Data lakehouse tools
There are several options for getting started with data lakehouses. This includes opting for a pre-built service or building your own using open source tools. In this section, we’ll look at the main categories of tools and some popular tools within those categories.
- Data ingestion - Data ingestion tools need to be able to handle a large volume of incoming data efficiently and make it easy to integrate with different data sources. Examples are Telegraf and Apache Kafka.
- Data storage - Available tools for building a data lakehouse include object storage tools like AWS S3, MinIO, and Google Cloud Storage.
- Data processing - Data processing tools commonly used with data lakehouses include Apache Spark and Apache Flink. These tools allow you to transform and manipulate data as needed for your workload.
- Data management - Data management tools extend the underlying storage layer to provide the capabilities you expect from a data lakehouse. Examples include Delta Lake and Apache Hudi.
Future data lakehouse trends
The data lakehouse architecture is still relatively new, and as a result, is rapidly evolving. Here are some future trends in terms of features and functionality that you should look for in data lakehouses moving forward:
- Adoption for MLOps workloads - Data lakehouses are a good fit for data science teams to adopt MLOps best practices with minimal overhead. Data lakehouses support much of the functionality needed for MLOps without requiring a dedicated solution, which makes life easier for machine learning specialists.
- Automated performance optimization - Rather than manually tuning things like indexes and storage patterns to improve query performance, many data lakehouses will automatically optimize queries and tune performance based on workload patterns.
- Improved semantic layer - A challenge of data lakehouses is making the vast amount of data accessible and understandable to non-technical users. Improvements in the semantic layer of data lakehouses, combined with tools like LLMs, will allow users to query and analyze their data using natural language.
Data lakehouse FAQs
How does a data lakehouse work?
A data lakehouse works by first ingesting data from a variety of sources. This includes traditional databases, real-time stream data from IoT devices, application logs, and more. The lakehouse ingests this data, whether structured, semi-structured, or unstructured, through various mechanisms, such as batch uploads or streaming pipelines, depending on the source and nature of the data.
Once inside the lakehouse, the raw data is stored in its native format, typically in a distributed file system or object storage like AWS S3 or MinIO. Metadata management tools catalog the data and maintain its lineage, enabling efficient discovery and access. Data lakehouses often employ schema-on-read approaches, where data is only structured and transformed at the time of query or analysis.
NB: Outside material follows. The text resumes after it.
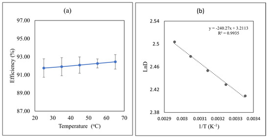 A temperature study is helpful for the determination of a suitable temperature range where the system can be applied. It also gives information about the exothermic or endothermic nature of the system. A thermodynamic study of the system can also be performed with the help of a temperature study. Temperature can affect the removal efficiency of oil from produced water. It is highly recommended that an extraction process that leads to high efficiency at a wide temperature range is more desirable for industrial applications. Therefore, in this work, the effect of temperature on the extraction efficiency of oil from PW using IL4 was studied. For this purpose, experiments were performed at different temperatures ranging from 25 °C to 65 °C at the optimum conditions of initial concentration of 500 mg/L, contact time of 4 min, pH = 8, and phase ratio = 4:1 (Figure 4a). Inspection of Figure 4a reveals that the extraction efficiency was slightly increased with the increase in temperature. This observation indicates that the extraction process is endothermic. Overall, there is no significant effect of temperature on the extraction efficiency of oil by IL4, hence, ambient temperature can be used to save energy and cost. A similar trend was reported in the literature for wastewater treatment using ILs [38]. Similar results were reported by Lakshmi et al. for the extraction of phenol and its derivates [39,48].
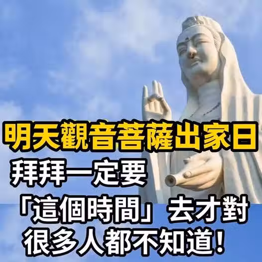 民俗專家廖大乙分享,農曆9月19日(2024年10月21日)的出家日是觀世音菩薩放下世俗、出家渡眾的日子,所以正能量強大,很適合在這一天轉換氣場及運勢,想轉運的朋友可以把握白天,將雙手合十向著天空懺悔,並立志要重新出發,尤其今年犯太歲的朋友,心誠祈願就能否極泰來!另外,要是想祈求好姻緣,出家日這一天也是很不錯的日子,單身的朋友們可要記住囉! 觀音生適合拜觀音的時間點,最佳感應時機為早上9點~中午11點。

How is a data lakehouse different from a data lake?
The key difference between data lakes and data lakehouses is the support for structured data and performance optimization seen in data warehouses. Data lakehouses still store the raw and unformatted data but add a metadata layer and governance model on top to ensure better data quality, which allows for better performance as a result.
Data lakehouse vs data warehouse
The primary difference between data lakehouses and data warehouses is data lakehouse’s ability to store unstructured and semi-structured data. Data stored in a data warehouse typically requires an ETL process to process the data before storage to ensure data is formatted correctly.